• **What to do**
Only the tail of the listing is wanted: the line containing "Der diesjährige Biker" and all after it, repeated exactly, pictures omitted.

• **Dataset content**

::::::

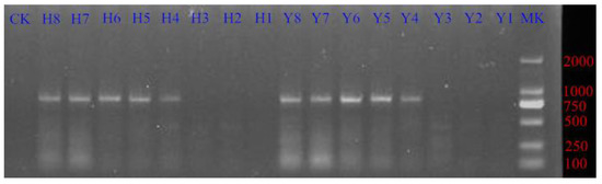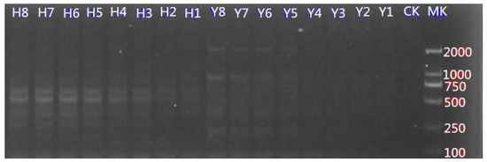 From Figure 9, there is no banding and towing phenomenon in the negative control CK lane. There are no bands in the Y1–Y4 and H1–H2 lanes, but there are no bands in the Y5–Y8 and H3–H8 lanes between 1260 and 1290 bp, and multiple nonspecific bands appear, indicating that PCR amplification failed. According to related studies, Schouten et al. used stable isotope fractionation to demonstrate that anammox bacteria use the acetyl-CoA pathway to immobilize CO2 to synthesize cellular material [29]. However, in this experiment, despite several attempts, the PCR effect is still not satisfactory; thus, the functional gene for reducing and immobilizing CO2 by the acetyl-CoA pathway has not been detected. There are many possible reasons for the unsuccessful PCR amplification, including incorrect operating conditions. The concentration of Taq DNA polymerase or Mg2+ may also be too high or low. The concentration of Mg2+ has a significant effect on the specificity and yield of PCR amplification. If the concentration is too high, the specificity of the reaction will decrease and nonspecific amplification will occur. If the concentration is too low, the activity of Taq DNA polymerase will decrease to reduce the reaction product. There may also be no coxL functional gene in this experimental sample; therefore, this pathway requires further study.
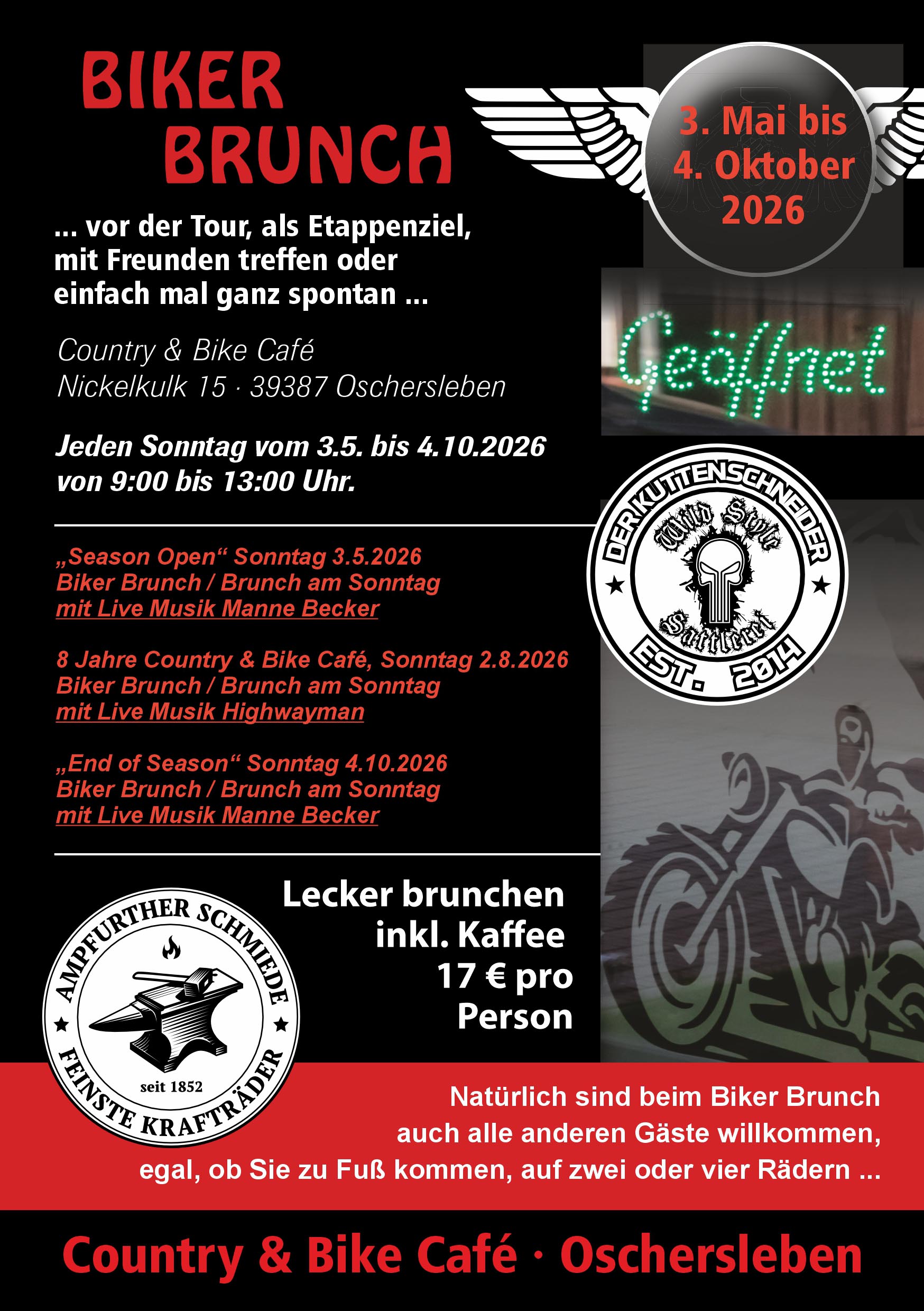 Der diesjährige Biker Brunch startet traditionell mit dem Season Open am 03. Mai mit Live-Musik. Erfahrungsgemäß ist die Gastronomie sowie das große Außengelände dann besonders gut frequentiert. Am 02. August steht dann das 8th Anniversary vom Country- & Bike Café an und am 04. Oktober endet der Biker Brunch mit dem Motto Season End.
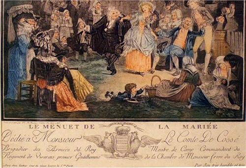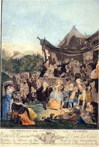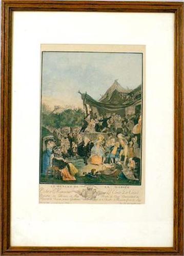Titled "Le Menuet de la Mariee", by Louis-Philibert Debucourt (French, 1755-1832). 13"h x 8 1/2"w. Provenance: William H. Guthman Collection, Connecticut Property from the Estate of William H. Guthman Exhibition: National Gallery of Art, "Colorful Im

::::::

• **Reply**
 Der diesjährige Biker Brunch startet traditionell mit dem Season Open am 03. Mai mit Live-Musik. Erfahrungsgemäß ist die Gastronomie sowie das große Außengelände dann besonders gut frequentiert. Am 02. August steht dann das 8th Anniversary vom Country- & Bike Café an und am 04. Oktober endet der Biker Brunch mit dem Motto Season End.
Titled "Le Menuet de la Mariee", by Louis-Philibert Debucourt (French, 1755-1832). 13"h x 8 1/2"w. Provenance: William H. Guthman Collection, Connecticut Property from the Estate of William H. Guthman Exhibition: National Gallery of Art, "Colorful Im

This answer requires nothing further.